• THE TASK
Set down, unchanged, the line holding "I came home" and all lines that follow it to the end of the material, leaving pictures out.
+++ MATERIAL PROVIDED
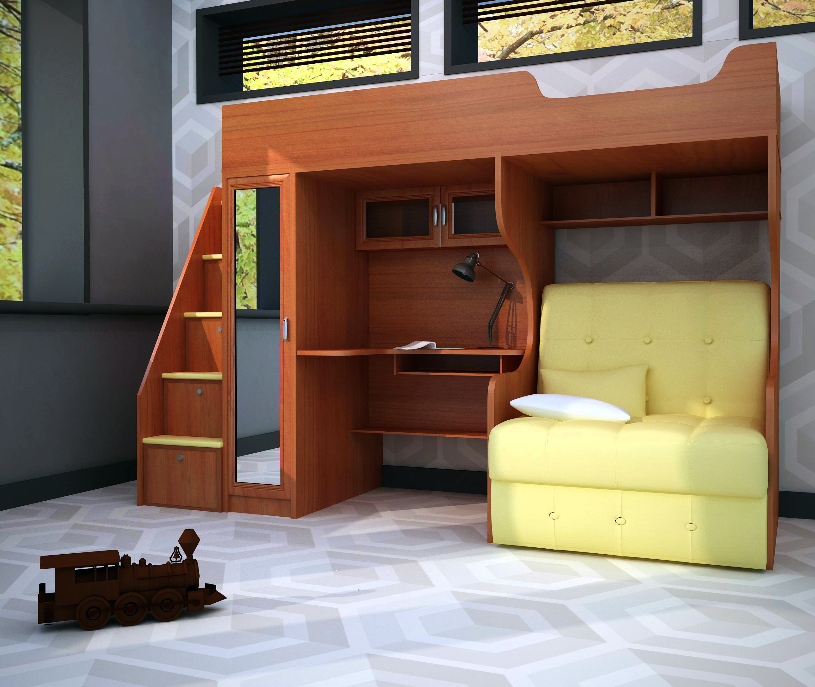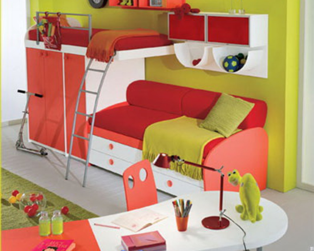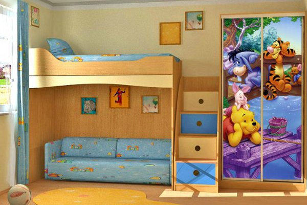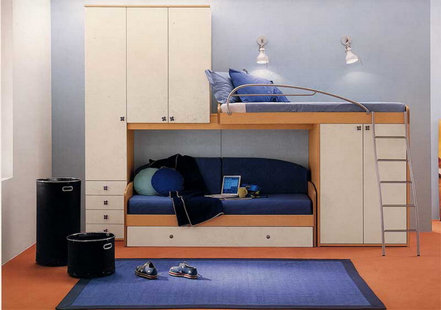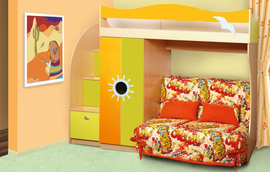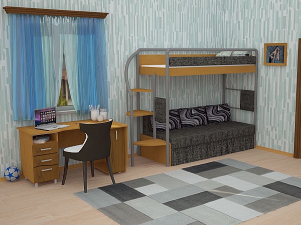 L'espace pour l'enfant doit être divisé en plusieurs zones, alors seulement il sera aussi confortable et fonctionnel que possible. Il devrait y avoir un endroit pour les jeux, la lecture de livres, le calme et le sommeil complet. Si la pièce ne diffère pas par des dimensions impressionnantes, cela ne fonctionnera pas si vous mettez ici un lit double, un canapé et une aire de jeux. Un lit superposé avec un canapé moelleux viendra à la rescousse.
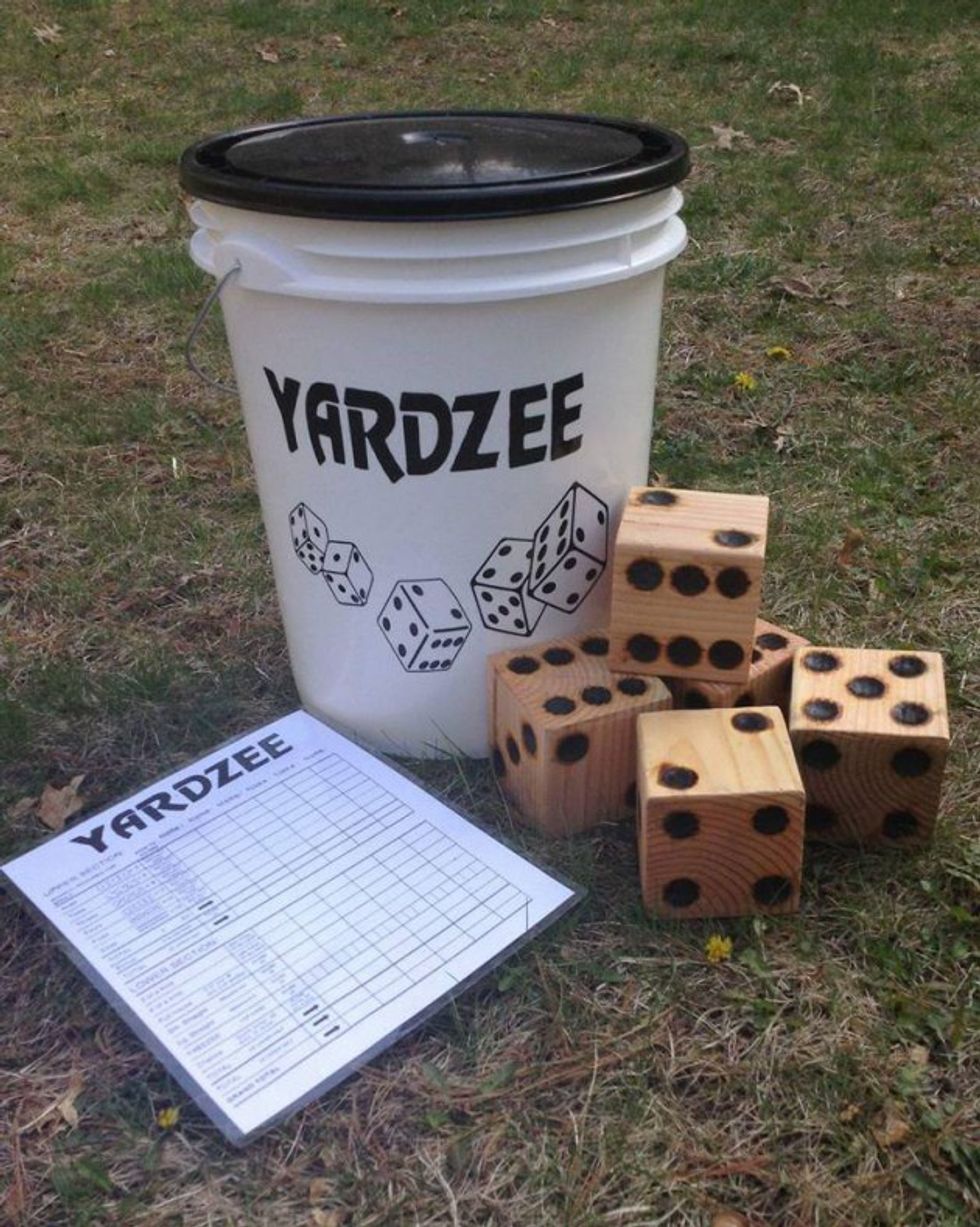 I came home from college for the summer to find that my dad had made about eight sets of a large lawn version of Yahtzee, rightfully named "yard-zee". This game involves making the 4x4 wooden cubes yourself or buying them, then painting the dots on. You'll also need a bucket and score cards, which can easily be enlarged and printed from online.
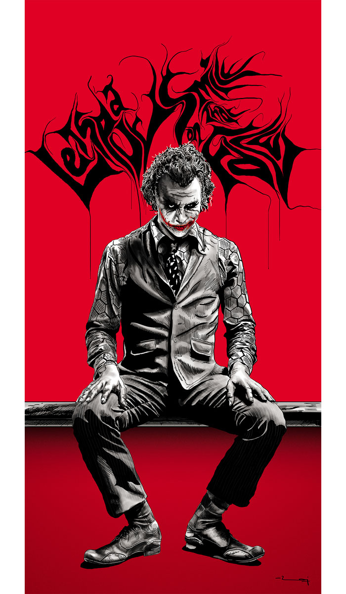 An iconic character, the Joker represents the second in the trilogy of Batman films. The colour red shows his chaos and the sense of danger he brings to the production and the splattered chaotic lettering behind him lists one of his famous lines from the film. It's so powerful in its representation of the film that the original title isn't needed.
++++++
• REPLY
 I came home from college for the summer to find that my dad had made about eight sets of a large lawn version of Yahtzee, rightfully named "yard-zee". This game involves making the 4x4 wooden cubes yourself or buying them, then painting the dots on. You'll also need a bucket and score cards, which can easily be enlarged and printed from online.
 An iconic character, the Joker represents the second in the trilogy of Batman films. The colour red shows his chaos and the sense of danger he brings to the production and the splattered chaotic lettering behind him lists one of his famous lines from the film. It's so powerful in its representation of the film that the original title isn't needed.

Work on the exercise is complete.